Over the last few years, the interest in Arab graphic design has burst onto Instagram, with entire accounts dedicated to book cover design, postal stamps, typography, and more. In part, it’s emerged because Arab art is inaccessible—even with online museum collections, data and descriptions are all in English—whereas graphic design is all around, on a storefront in Cairo or in a poster designed in Tunis. For this reason, A History of Arab Graphic Design, from practitioner-scholars Bahia Shehab and Haytham Nawar, is timely, confronting the growing thirst for knowledge of Arab visual culture.

A History of Arab Graphic Design is easily the best introduction to the history of modern Arab visual culture on the market today. It lacks the jargon of exhibition catalogues, leans heavily on visual sources, and dismisses some previously held assumptions about Arab art, such as Islam’s prohibition of representational images in artwork. The difficulty of Shehab and Nawar’s task should not be understated. The archive in the modern history of the Arab world is a tricky subject regardless of what sort of history is being written, made more challenging by scope: the Arab world is vast. Even the term “Arab world” is tricky, where “Arab” fails to capture the true nature of the cultures and racial identities found in countries where Arabic is commonly spoken; Arab identity is contested because the term “Arab” can exclude many people. There are other questions of representation, as the focus of historians working on the 19th and 20th century tends to be Egypt, Lebanon, and Palestine, as is the trend of mainstream media. Art history has been better distributed and Shehab and Nawar follow suit, bringing in North Africa, Iraq, and Sudan.

Shehab and Nawar wrote Arab Graphic Design because they themselves teach design, at the American University in Cairo, and could not find a compact text for their courses. The bulk of Arab Graphic Design is set in the 20th century, though the first chapter focuses on the mainstays of Islamic Art—architecture, manuscript illumination, ceramics, and calligraphy—to make the subtle argument that Arab graphic design as a field is inextricable from the long material and visual histories of the region. This follows arguments made by Arab art history: for example, calligraphic abstraction—a style which emerged in the 1950s onwards—was often fueled by the practice of Arabic calligraphy. Continuing in chronological fashion, Nawar and Shehab also bring in themes like exile, identity, and the challenges of adapting Arabic to different technologies developed for Latin script.

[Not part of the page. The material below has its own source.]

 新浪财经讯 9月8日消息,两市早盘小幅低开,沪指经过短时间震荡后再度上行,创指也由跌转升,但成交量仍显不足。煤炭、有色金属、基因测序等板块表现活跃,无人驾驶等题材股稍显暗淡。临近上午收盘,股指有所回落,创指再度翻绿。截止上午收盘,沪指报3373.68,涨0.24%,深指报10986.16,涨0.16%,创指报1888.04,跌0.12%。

They also include biographies of different designers and profiles of institutions critical for the development of graphic design: these were often universities, like the College of Fine Arts in Baghdad, the University of Tripoli’s Faculty of Fine Arts and Media in Libya, and the Applied Arts School in Cairo.

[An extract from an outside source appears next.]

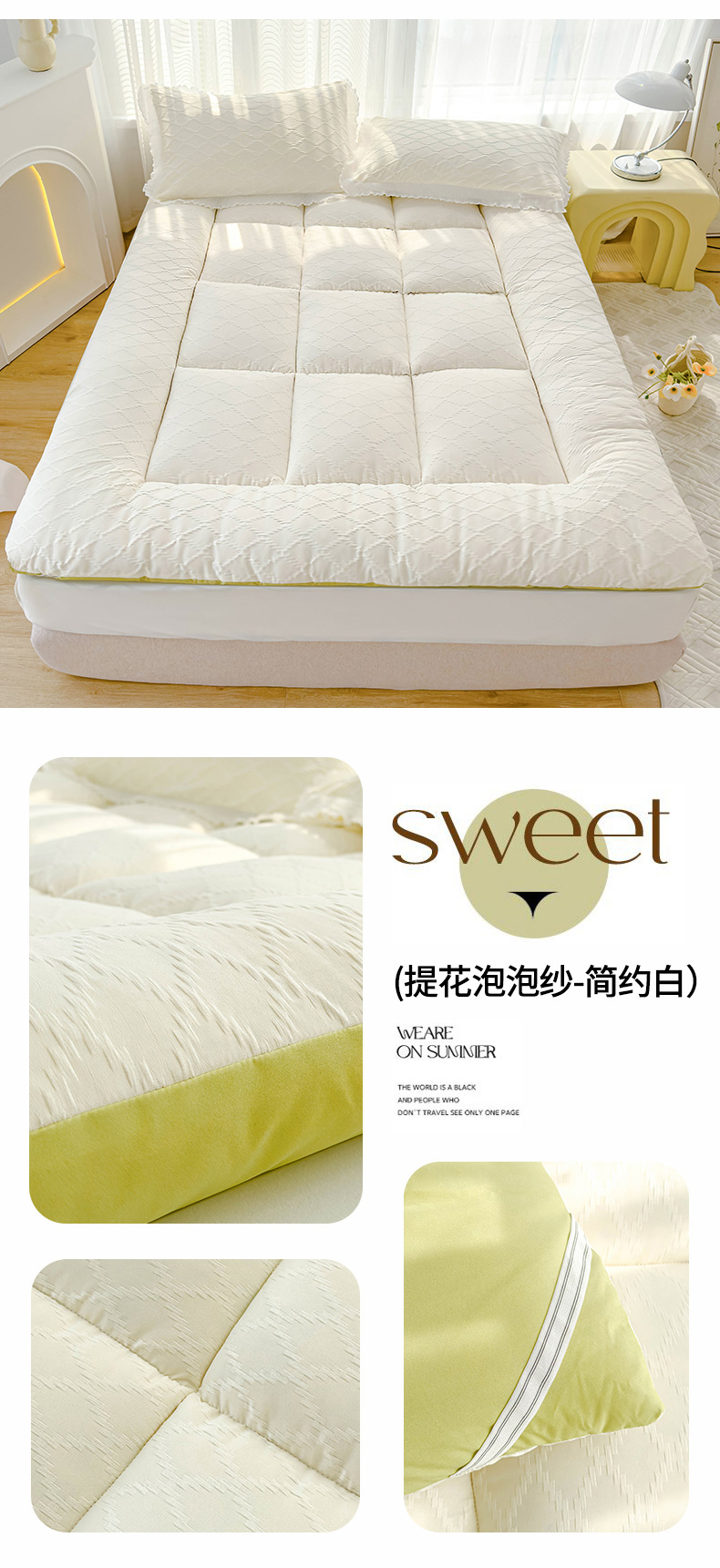 商品名称:默忆 2025新款泡泡纱提花绗缝活性印染羽丝棉床笠床垫款 白

The importance of this is not to be understated: as Nawar and Shehab note, many key figures of 20th-century graphic design have been neglected by 20th-century histories of the Middle East and North Africa. But perhaps more critical is that Nawar and Shehab make the point that these are the same institutions and many of the same key figures behind critical movements in Arab art. This is perhaps the central but unspoken argument of the book, that Arab graphic design is Arab art, with many of the same central figures, like Osman Waqialla, Mohamed Melehi, and Dia Azzawi; they not only produced fine art, but contributed to poster design and typography. Many became pop culture figures in themselves. Egyptians across different social strata know the work of Armenian-Egyptian artist Chant Avedissian—whose early work was in marketing and is known well as perhaps the greatest pop art of the Arab world—even if they don’t necessarily know his name. Beyond his work in the 1970s creating visual identities for Egyptian companies, his influence is felt in popular design in Egypt today, where a similar aesthetic can be found on coasters and phone cases. But Shehab and Nawar, through their focus on power structures and institutions, also encourage us to think beyond the artist, the lone genius: it is only through collaborative work that graphic design could take the forms it did and continues to, even today.

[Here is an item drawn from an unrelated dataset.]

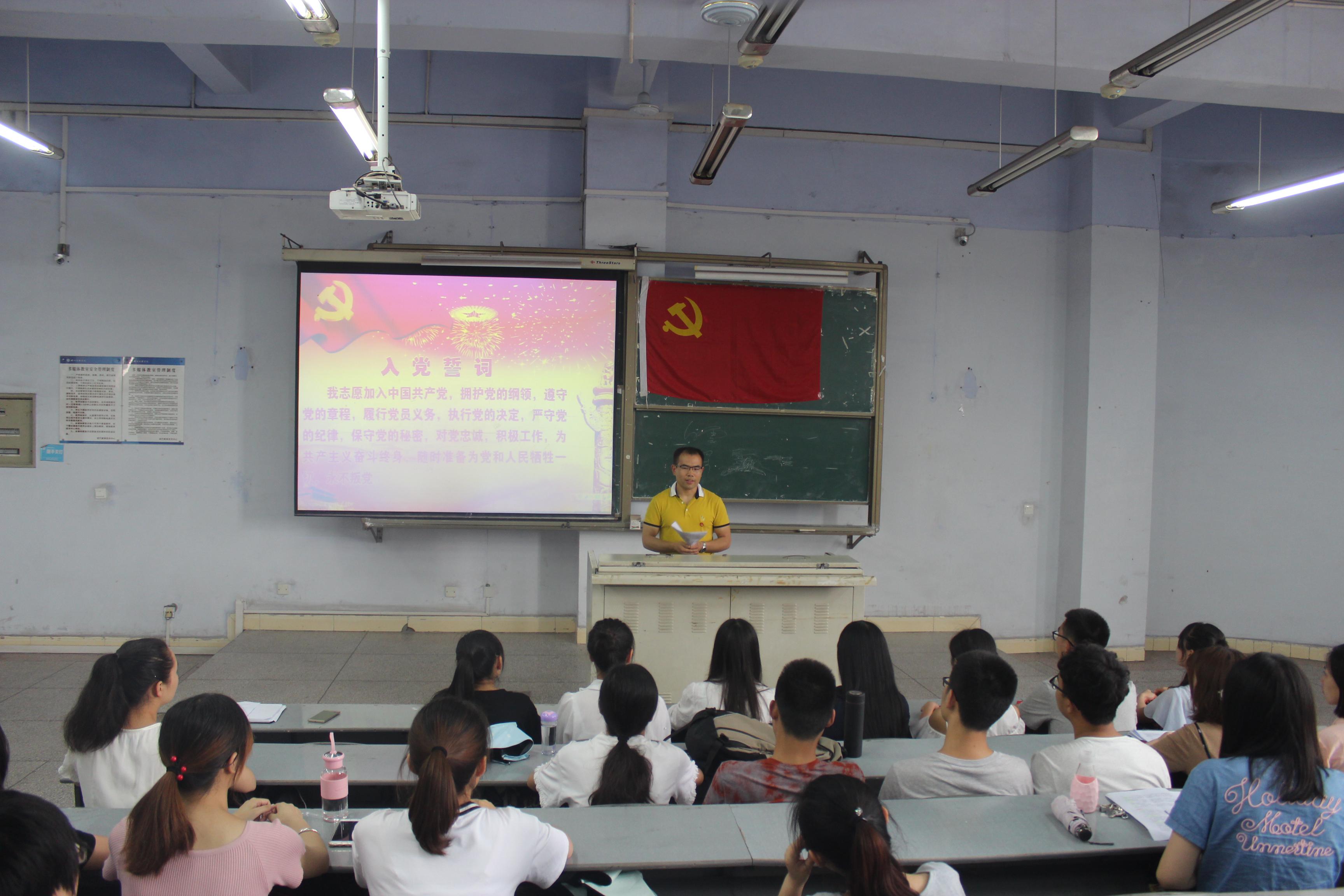 6月20日下午3时,政法学院学生党支部在一教楼524教室举行预备党员入党宣誓仪式。仪式由支部委员陈昊主持,支部全体党员、预备党员参加活动。

Arab Graphic Design will have an impact on multiple fields, but I hope it reaches the students for whom Shehab and Nawar write. The price is prohibitive for students in Egypt and elsewhere in the Arab world, but hopefully, it will be translated, the translator will be fairly compensated, and thus, it will be more accessible to Arabic speakers. Afterall, it was made for students; it’s clear even in the book’s design. The pages of A History of Arab Graphic Design are coarse, not glossy like most art books. Students will be able to write in this one, to argue with the text, to dream a little.